3.4 PCS Optimization: FRI-Binius Reduces Binius Proof Size

A major drawback of the Binius protocol is its relatively large proof size, which scales as O(√N) with the square root of the witness size. This square root size proof is a limitation compared to more efficient systems. In contrast, polylogarithmic proof size is critical to achieving a truly "concise" verifier, which is demonstrated in advanced systems like Plonky3, which achieves logarithmic proofs through advanced techniques such as FRI.

The paper "Polylogarithmic Proofs for Multilinears over Binary Towers", referred to as FRI-Binius, implements the binary domain FRI folding mechanism, bringing 4 innovations:

· Flattened polynomials:The initial multilinear polynomials are converted to LCH (Low Code Height) novel polynomial basis.

· Subspace Vanishing Polynomials:Used to perform FRI on the coefficient domain and achieve FFT-like decomposition through additive NTT (number theoretic transform).

· Algebraic Basis Packing:Enables efficient packing of information in the protocol, removing embedding overhead.

· Ring-commutative SumCheck:A novel SumCheck method that optimizes performance using ring-commutative techniques.

The core idea of the multilinear polynomial commitment scheme (PCS) based on binary field FRI-Binius is that the FRI-Binius protocol operates by packing the initial binary field multilinear polynomial (defined on F2) into a multilinear polynomial defined on a larger field K.

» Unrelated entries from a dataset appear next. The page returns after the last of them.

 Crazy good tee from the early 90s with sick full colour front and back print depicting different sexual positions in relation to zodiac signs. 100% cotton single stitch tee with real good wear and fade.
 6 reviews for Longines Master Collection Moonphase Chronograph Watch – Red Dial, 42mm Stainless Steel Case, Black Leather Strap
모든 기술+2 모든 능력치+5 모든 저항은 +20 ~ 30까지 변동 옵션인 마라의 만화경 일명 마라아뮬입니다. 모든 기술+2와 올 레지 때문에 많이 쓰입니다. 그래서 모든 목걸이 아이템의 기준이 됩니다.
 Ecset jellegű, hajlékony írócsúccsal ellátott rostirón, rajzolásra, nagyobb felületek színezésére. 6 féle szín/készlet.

In FRI-BiniusPCS based on binary domains, the process is as follows:

· Commitment phase:A commitment to a multilinear polynomial of ℓ variables (defined on F2) is transformed into a commitment to a packed multilinear polynomial of ℓ′ variables (defined on F2128), thus reducing the number of coefficients by a factor of 128.

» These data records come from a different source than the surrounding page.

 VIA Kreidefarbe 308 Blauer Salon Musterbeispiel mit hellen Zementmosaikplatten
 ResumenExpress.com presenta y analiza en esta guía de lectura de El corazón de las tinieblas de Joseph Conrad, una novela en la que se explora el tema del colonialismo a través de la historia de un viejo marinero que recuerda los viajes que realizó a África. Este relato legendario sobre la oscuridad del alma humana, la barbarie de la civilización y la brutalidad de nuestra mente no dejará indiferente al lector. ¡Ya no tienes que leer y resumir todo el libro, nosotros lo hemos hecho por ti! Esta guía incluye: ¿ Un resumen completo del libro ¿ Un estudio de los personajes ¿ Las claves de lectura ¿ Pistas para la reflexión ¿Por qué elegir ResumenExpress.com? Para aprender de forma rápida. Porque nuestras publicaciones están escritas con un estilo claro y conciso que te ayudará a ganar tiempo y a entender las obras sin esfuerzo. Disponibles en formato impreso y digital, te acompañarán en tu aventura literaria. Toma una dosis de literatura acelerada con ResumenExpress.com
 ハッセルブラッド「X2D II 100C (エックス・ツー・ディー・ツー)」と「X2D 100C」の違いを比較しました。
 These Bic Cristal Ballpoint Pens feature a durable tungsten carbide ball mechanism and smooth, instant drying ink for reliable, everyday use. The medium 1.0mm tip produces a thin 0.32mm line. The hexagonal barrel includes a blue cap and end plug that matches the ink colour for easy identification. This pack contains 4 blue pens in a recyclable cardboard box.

· Evaluation phase:The prover and verifier perform ℓ′-round cross-ring switching SumCheck and FRI interactive proof (IOPP):

–The FRI open proof occupies the majority of the proof size.

–The prover’s SumCheck cost is similar to the SumCheck cost on regular large domains.

–The prover’s FRI cost is the same as FRI cost on regular large domains.

–The verifier receives 128 elements from F2128 and performs 128 additional multiplications.

With FRI-Binius, Binius proof size is reduced by an order of magnitude. This brings Binius proof size closer to state-of-the-art systems while maintaining compatibility with the binary domain. FRI folding techniques tailored for binary domains, combined with optimizations in algebraic packing and SumCheck, allow Binius to generate more concise proofs while maintaining efficient verification.

Table 2: Binius vs. FRI-Binius Proof Size

Table 3: Plonky3 FRI vs. FRI-Binius

4 Summary

The whole value proposition of Binius is to use the smallest power-of-two domain for witnesses, so just choose the domain size based on what you need. Binius is a co-design using hardware, software, and the Sumcheck protocol accelerated in FPGAs to do fast proofs with very low memory usage. Proof systems like Halo2 and Plonky3 have 4 key steps that take up most of the computation: generating witness data, committing to witness data, vanishing argument, opening proof. Taking Keccak in Plonky3 and Grøstl hash function in Binius as examples, the proportion of the computational amount of the above four key steps is shown in Figure 3:

Figure 3: Smaller commit cost

It can be seen that the commit bottleneck of Prover has been basically completely removed in Binius. The new bottleneck lies in the Sumcheck protocol. The large number of polynomial evaluations and field multiplications in the Sumcheck protocol can be efficiently solved with the help of dedicated hardware. The FRI-Binius scheme, a variant of FRI, provides a very attractive option - eliminating the embedding overhead from the field proof layer without causing a surge in the cost of the aggregate proof layer. Currently, the Irreducible team is developing its recursive layer and announced a collaboration with the Polygon team to build a Binius-based zkVM; JoltzkVM is switching from Lasso to Binius to improve its recursive performance; and the Ingonyama team is implementing an FPGA version of Binius.